**Source data:**
# # # # #
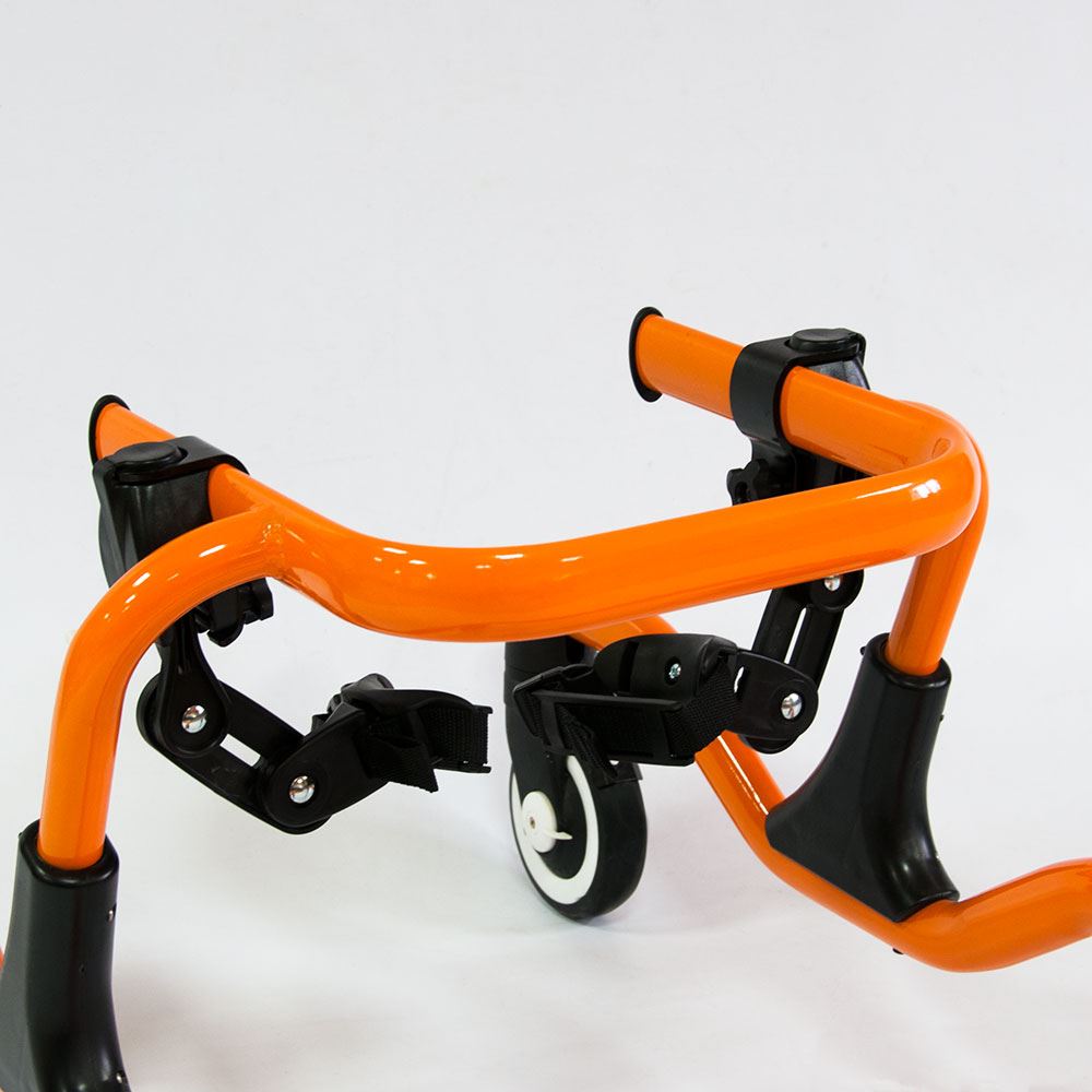 Фиксаторы голеностопов с удобными мягкими обхватными ремешками прочно крепятся к раме. Фиксаторы можно отрегулировать по длине шага и необходимому расстоянию между голеностопами.
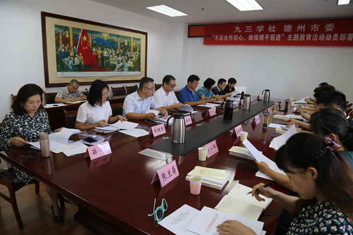 为组织开展好“不忘合作初心,继续携手前进”主题教育活动,社德州市委成立了主题教育活动领导小组,社市委主委钟玲任组长,分管思想宣传工作的副主委张兰菊任副组长,社市委副主委田正祥、李和平、郭天德和秘书长戴连强为领导小组成员。领导小组下设办公室,办公室设在社市委机关,秘书长戴连强任办公室主任,机关人员参加办公室工作,负责主题教育活动日常工作。 中共德州市纪委监委派驻第七纪检监察组组长王文远、中共德州市委统战部副部长于清泉应邀参加会议。(九三学社德州市委 关燕) |
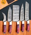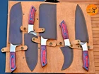 CUSTOM HAND MADE FORGED DAMASCUS STEEL BLADE CHEF KITCHEN KNIFE SET Wood & Steel Bolster Handle This superb design knifes is hand forged. Blade of this knife has a nice file work and is made of 512 layers of 4340 stainless steel and 1075 high carbon steel and hardness 55-58 H R C . This robust knife is lab tested under intense conditions, the balance and shape of this knife ensures perfect grip. Overall Pieces : 5 Bread Knife : Blade 6.5" Inches - Handle 5.25" Inches Cleaver Knife : Blade 6" x 2.5" Inches - Handle 5.5" Inches Chef Knife : Blade 7" Inches - Handle 4.5" Inches Peel Knife : Blade 3.25" Inches - Handle 4.5" Inches Steak Knife : Blade 6" Inches - Handle 4.5" Inches Damascus Design: Twist Pattern Layers:512 Package Includes: with Sheath Care Instructions: Keep the knife dry after each cleaning. Warning: Keep fingers clear of blades. Store away from children.
# # # # #
**To do:** If the material above contains pictures, exclude them from an otherwise exact transcription.

**Solution to the exercise:**
 Фиксаторы голеностопов с удобными мягкими обхватными ремешками прочно крепятся к раме. Фиксаторы можно отрегулировать по длине шага и необходимому расстоянию между голеностопами.
 为组织开展好“不忘合作初心,继续携手前进”主题教育活动,社德州市委成立了主题教育活动领导小组,社市委主委钟玲任组长,分管思想宣传工作的副主委张兰菊任副组长,社市委副主委田正祥、李和平、郭天德和秘书长戴连强为领导小组成员。领导小组下设办公室,办公室设在社市委机关,秘书长戴连强任办公室主任,机关人员参加办公室工作,负责主题教育活动日常工作。 中共德州市纪委监委派驻第七纪检监察组组长王文远、中共德州市委统战部副部长于清泉应邀参加会议。(九三学社德州市委 关燕) |
 CUSTOM HAND MADE FORGED DAMASCUS STEEL BLADE CHEF KITCHEN KNIFE SET Wood & Steel Bolster Handle This superb design knifes is hand forged. Blade of this knife has a nice file work and is made of 512 layers of 4340 stainless steel and 1075 high carbon steel and hardness 55-58 H R C . This robust knife is lab tested under intense conditions, the balance and shape of this knife ensures perfect grip. Overall Pieces : 5 Bread Knife : Blade 6.5" Inches - Handle 5.25" Inches Cleaver Knife : Blade 6" x 2.5" Inches - Handle 5.5" Inches Chef Knife : Blade 7" Inches - Handle 4.5" Inches Peel Knife : Blade 3.25" Inches - Handle 4.5" Inches Steak Knife : Blade 6" Inches - Handle 4.5" Inches Damascus Design: Twist Pattern Layers:512 Package Includes: with Sheath Care Instructions: Keep the knife dry after each cleaning. Warning: Keep fingers clear of blades. Store away from children.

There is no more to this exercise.